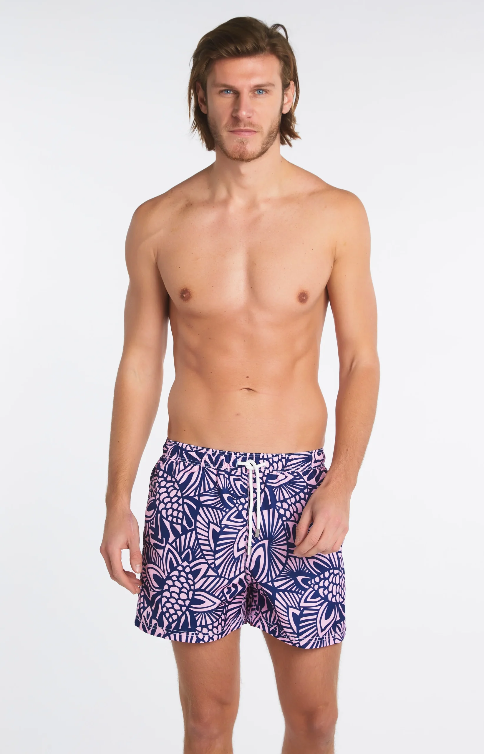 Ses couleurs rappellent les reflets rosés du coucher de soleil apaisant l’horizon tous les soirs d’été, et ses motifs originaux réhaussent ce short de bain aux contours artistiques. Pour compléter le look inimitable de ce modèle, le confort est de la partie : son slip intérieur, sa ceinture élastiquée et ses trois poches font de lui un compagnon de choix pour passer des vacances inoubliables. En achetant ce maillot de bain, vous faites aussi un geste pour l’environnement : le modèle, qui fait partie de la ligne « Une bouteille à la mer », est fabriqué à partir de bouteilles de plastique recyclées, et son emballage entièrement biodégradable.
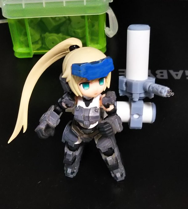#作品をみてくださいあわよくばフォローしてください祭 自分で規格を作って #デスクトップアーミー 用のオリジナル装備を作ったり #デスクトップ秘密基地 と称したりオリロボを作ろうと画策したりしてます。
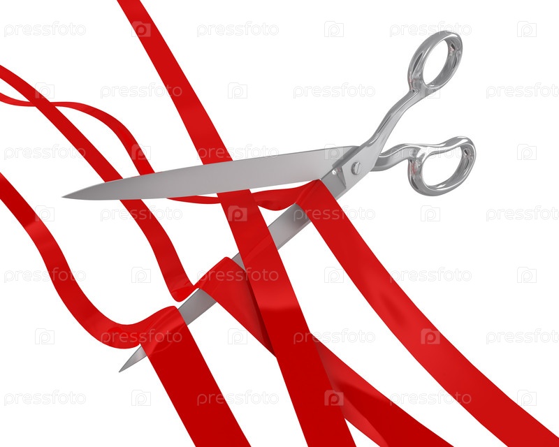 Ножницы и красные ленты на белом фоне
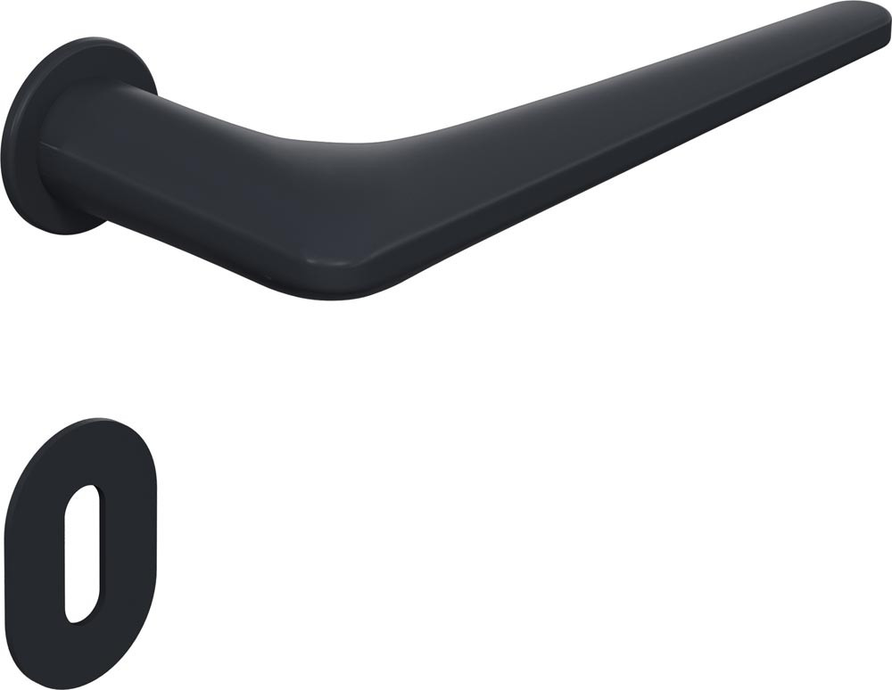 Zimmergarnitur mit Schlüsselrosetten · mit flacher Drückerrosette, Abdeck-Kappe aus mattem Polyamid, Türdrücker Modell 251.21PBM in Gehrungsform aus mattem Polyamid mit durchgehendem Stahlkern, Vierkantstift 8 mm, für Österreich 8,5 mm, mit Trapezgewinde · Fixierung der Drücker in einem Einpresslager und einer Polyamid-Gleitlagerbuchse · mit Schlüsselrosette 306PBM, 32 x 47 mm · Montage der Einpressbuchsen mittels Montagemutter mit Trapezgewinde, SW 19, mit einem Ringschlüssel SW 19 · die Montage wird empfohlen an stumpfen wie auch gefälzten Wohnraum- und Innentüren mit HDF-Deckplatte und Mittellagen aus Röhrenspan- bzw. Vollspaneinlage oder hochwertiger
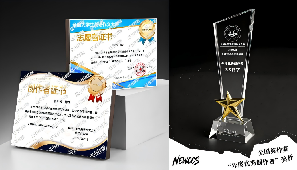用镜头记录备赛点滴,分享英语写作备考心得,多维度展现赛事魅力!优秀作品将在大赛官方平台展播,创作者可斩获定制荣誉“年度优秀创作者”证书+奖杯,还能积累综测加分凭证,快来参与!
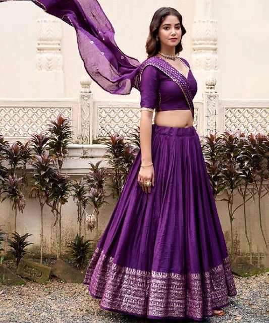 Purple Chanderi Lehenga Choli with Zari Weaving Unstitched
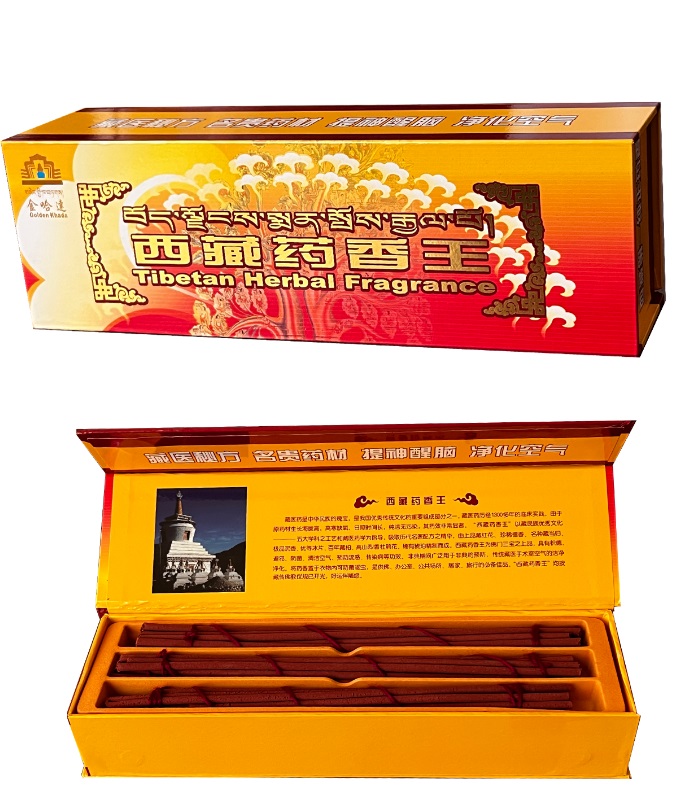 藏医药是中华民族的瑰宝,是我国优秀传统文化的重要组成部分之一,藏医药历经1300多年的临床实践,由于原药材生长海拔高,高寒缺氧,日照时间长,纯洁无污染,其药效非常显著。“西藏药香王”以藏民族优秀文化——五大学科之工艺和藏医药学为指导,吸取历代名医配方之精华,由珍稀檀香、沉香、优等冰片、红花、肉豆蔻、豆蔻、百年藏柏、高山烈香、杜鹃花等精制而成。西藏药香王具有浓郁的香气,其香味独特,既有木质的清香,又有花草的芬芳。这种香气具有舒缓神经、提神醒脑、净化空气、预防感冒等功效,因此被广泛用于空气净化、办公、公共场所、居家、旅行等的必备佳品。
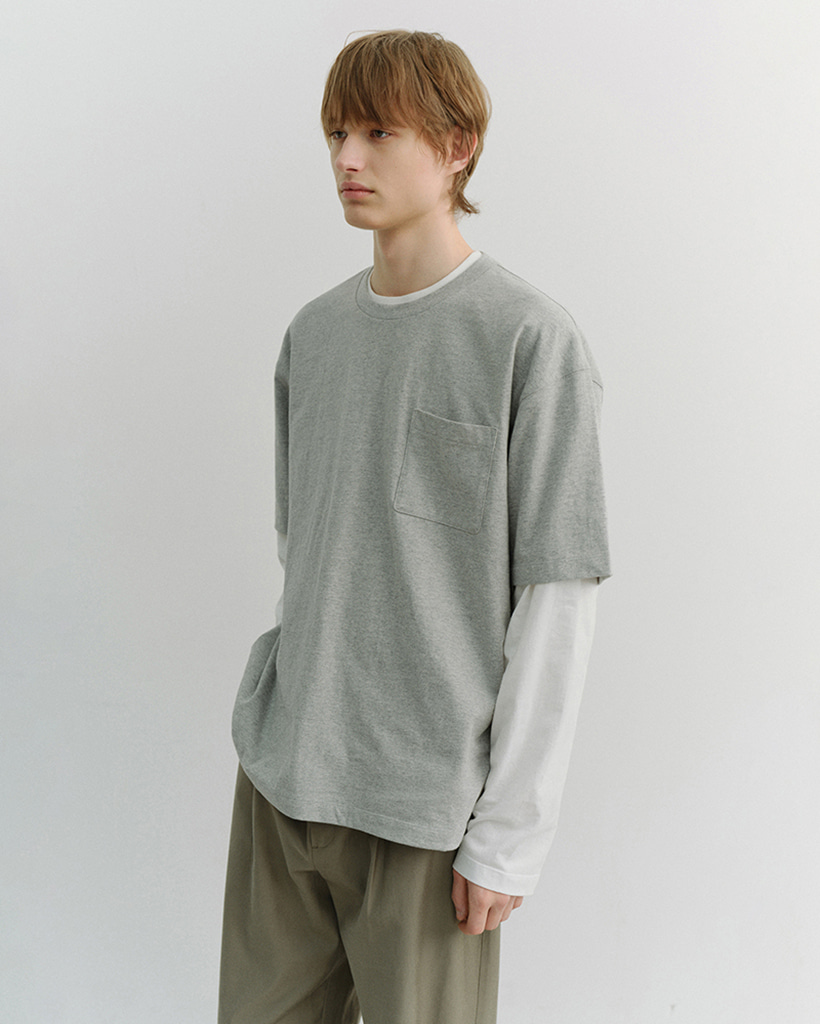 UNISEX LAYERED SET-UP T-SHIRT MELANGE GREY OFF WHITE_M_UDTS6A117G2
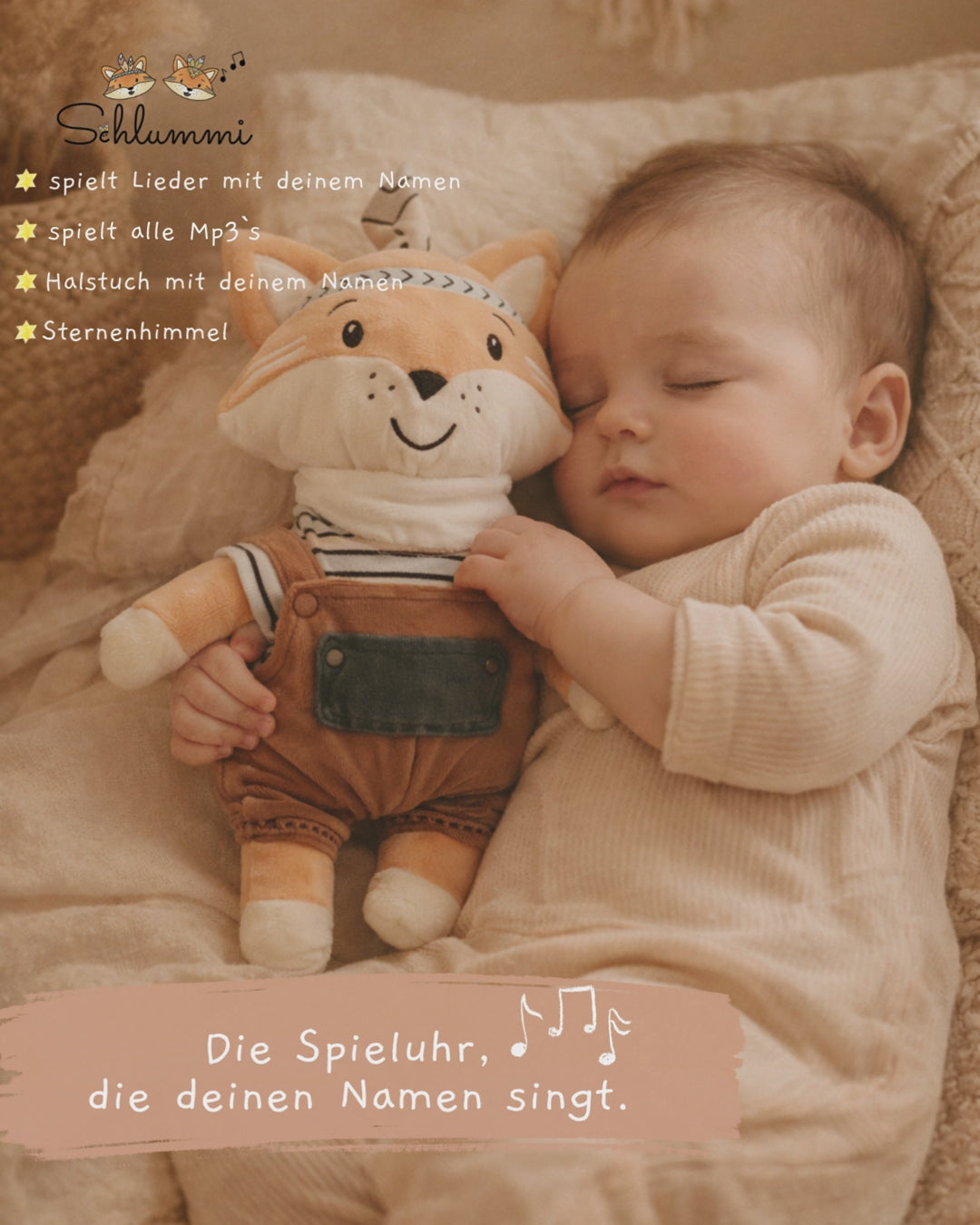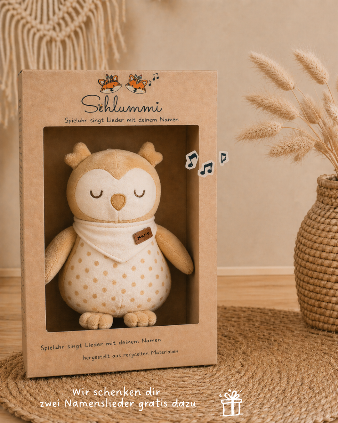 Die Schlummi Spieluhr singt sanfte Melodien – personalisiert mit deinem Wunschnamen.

=-=-=-=-=

▶ [Exercise instructions]
Write the listing again exactly, duplicating every line and skipping the pictures.

▶ [Exercise solution]
 Ses couleurs rappellent les reflets rosés du coucher de soleil apaisant l’horizon tous les soirs d’été, et ses motifs originaux réhaussent ce short de bain aux contours artistiques. Pour compléter le look inimitable de ce modèle, le confort est de la partie : son slip intérieur, sa ceinture élastiquée et ses trois poches font de lui un compagnon de choix pour passer des vacances inoubliables. En achetant ce maillot de bain, vous faites aussi un geste pour l’environnement : le modèle, qui fait partie de la ligne « Une bouteille à la mer », est fabriqué à partir de bouteilles de plastique recyclées, et son emballage entièrement biodégradable.
#作品をみてくださいあわよくばフォローしてください祭 自分で規格を作って #デスクトップアーミー 用のオリジナル装備を作ったり #デスクトップ秘密基地 と称したりオリロボを作ろうと画策したりしてます。
 Ножницы и красные ленты на белом фоне
 Zimmergarnitur mit Schlüsselrosetten · mit flacher Drückerrosette, Abdeck-Kappe aus mattem Polyamid, Türdrücker Modell 251.21PBM in Gehrungsform aus mattem Polyamid mit durchgehendem Stahlkern, Vierkantstift 8 mm, für Österreich 8,5 mm, mit Trapezgewinde · Fixierung der Drücker in einem Einpresslager und einer Polyamid-Gleitlagerbuchse · mit Schlüsselrosette 306PBM, 32 x 47 mm · Montage der Einpressbuchsen mittels Montagemutter mit Trapezgewinde, SW 19, mit einem Ringschlüssel SW 19 · die Montage wird empfohlen an stumpfen wie auch gefälzten Wohnraum- und Innentüren mit HDF-Deckplatte und Mittellagen aus Röhrenspan- bzw. Vollspaneinlage oder hochwertiger
用镜头记录备赛点滴,分享英语写作备考心得,多维度展现赛事魅力!优秀作品将在大赛官方平台展播,创作者可斩获定制荣誉“年度优秀创作者”证书+奖杯,还能积累综测加分凭证,快来参与!
 Purple Chanderi Lehenga Choli with Zari Weaving Unstitched
 藏医药是中华民族的瑰宝,是我国优秀传统文化的重要组成部分之一,藏医药历经1300多年的临床实践,由于原药材生长海拔高,高寒缺氧,日照时间长,纯洁无污染,其药效非常显著。“西藏药香王”以藏民族优秀文化——五大学科之工艺和藏医药学为指导,吸取历代名医配方之精华,由珍稀檀香、沉香、优等冰片、红花、肉豆蔻、豆蔻、百年藏柏、高山烈香、杜鹃花等精制而成。西藏药香王具有浓郁的香气,其香味独特,既有木质的清香,又有花草的芬芳。这种香气具有舒缓神经、提神醒脑、净化空气、预防感冒等功效,因此被广泛用于空气净化、办公、公共场所、居家、旅行等的必备佳品。
 UNISEX LAYERED SET-UP T-SHIRT MELANGE GREY OFF WHITE_M_UDTS6A117G2
 Die Schlummi Spieluhr singt sanfte Melodien – personalisiert mit deinem Wunschnamen.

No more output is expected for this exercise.